- President: Magno Karl
- Founders: Sérgio Bivar Mano Ferreira Felipe Melo França Fabio Ostermann
- Founded: 2016; 10 years ago
- Split from: Social Liberal Party
- Headquarters: São Paulo
- Membership: 5000
- Ideology: Liberalism
- Political position: Centre-right
- Colours: Purple

Website
- eusoulivres.org

= Livres (movement) =

Livres (Free) is a Brazilian economic liberal political movement. The political scientist Magno Karl is Livres' current executive director. Livres has 25 members holding public office positions, among them one senator (Rodrigo Cunha from the Brazilian Social Democracy Party in Alagoas), seven federal deputies, and eight state deputies and nine city councillors, along with economists, political scientists, and more than three thousand registered activists.

Livres went on to grow as a liberal wing of the PSL and control the party's political agenda, communication, and 13 out of its 27 state directories.
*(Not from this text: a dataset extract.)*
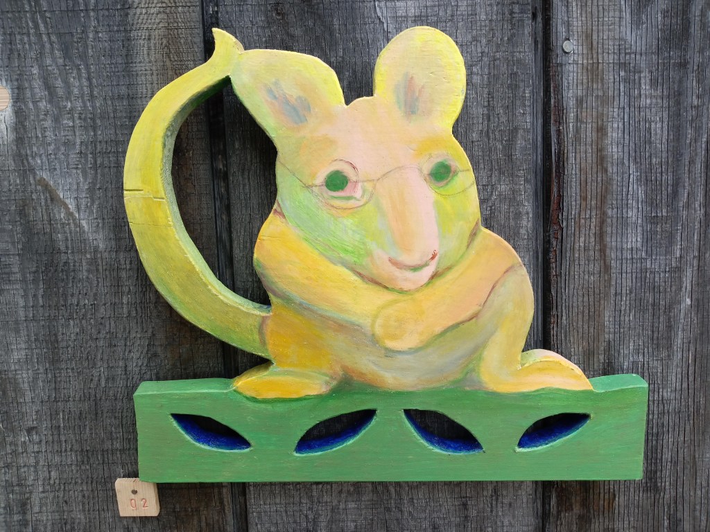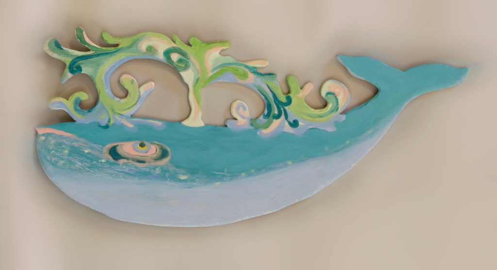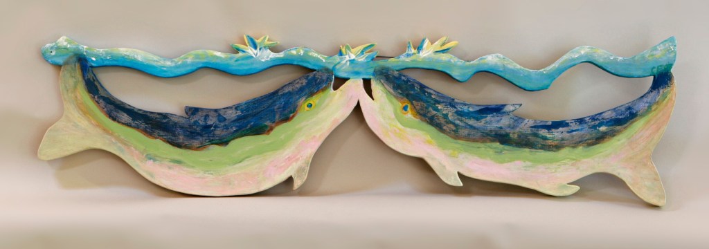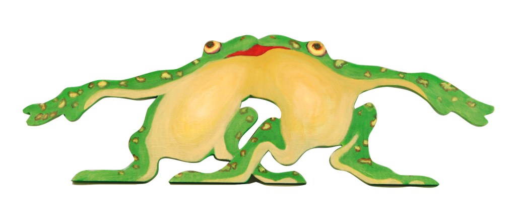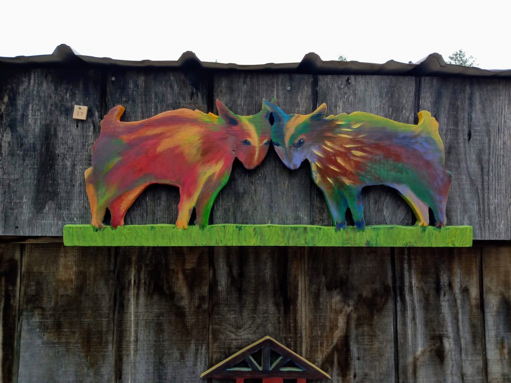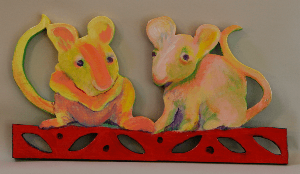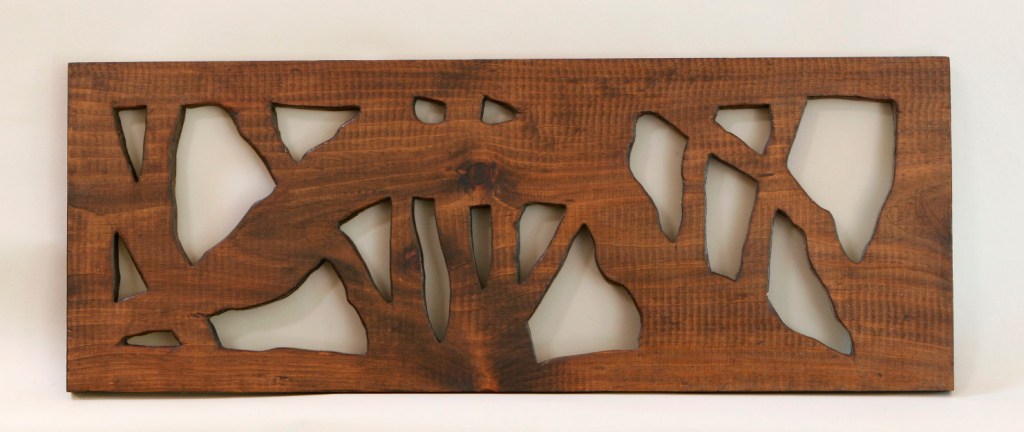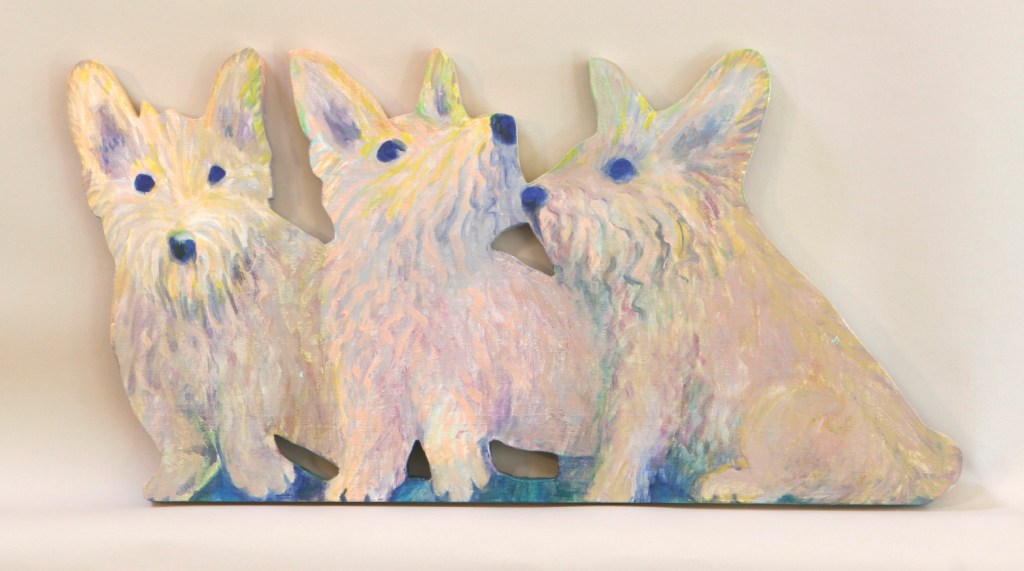 My work is first cut from a wood panel, then sanded and painted. The paintings have cut-out areas to add a sculptural quality and folk art tone. Each piece is clear coated to protect it for outdoor exposure. To keep the colors bright an additional clear coat is desired once a year.

Inspired by Livres' liberal approach, notable Brazilian public intellectuals, such as political scientist Fábio Ostermann and journalist Leandro Narloch, openly supported the PSL. In January 2018, Livres split from the PSL after conservative Jair Bolsonaro joined the party. The PSL subsequently dropped social liberalism altogether from its platform, adopting national conservatism and social conservatism. Today, Livres is not a party but a political movement. Although many politicians are still members of the organisation, Livres does not run its own candidates and instead acts as a pressure group supporting cultural liberalism and economic liberal candidates and policies.

== History ==
Livres was founded by Sérgio Bivar and his supporters in late 2015 as an internal economic liberal tendency within the PSL. The initial goal of Livres was to reform the PSL following the 2018 Brazilian general election and modernize the PSL's platform. After Bolsonaro joined the PSL, Livres split with the PSL, claiming Bolsonaro's ultranationalism policies were incompatible with the organization.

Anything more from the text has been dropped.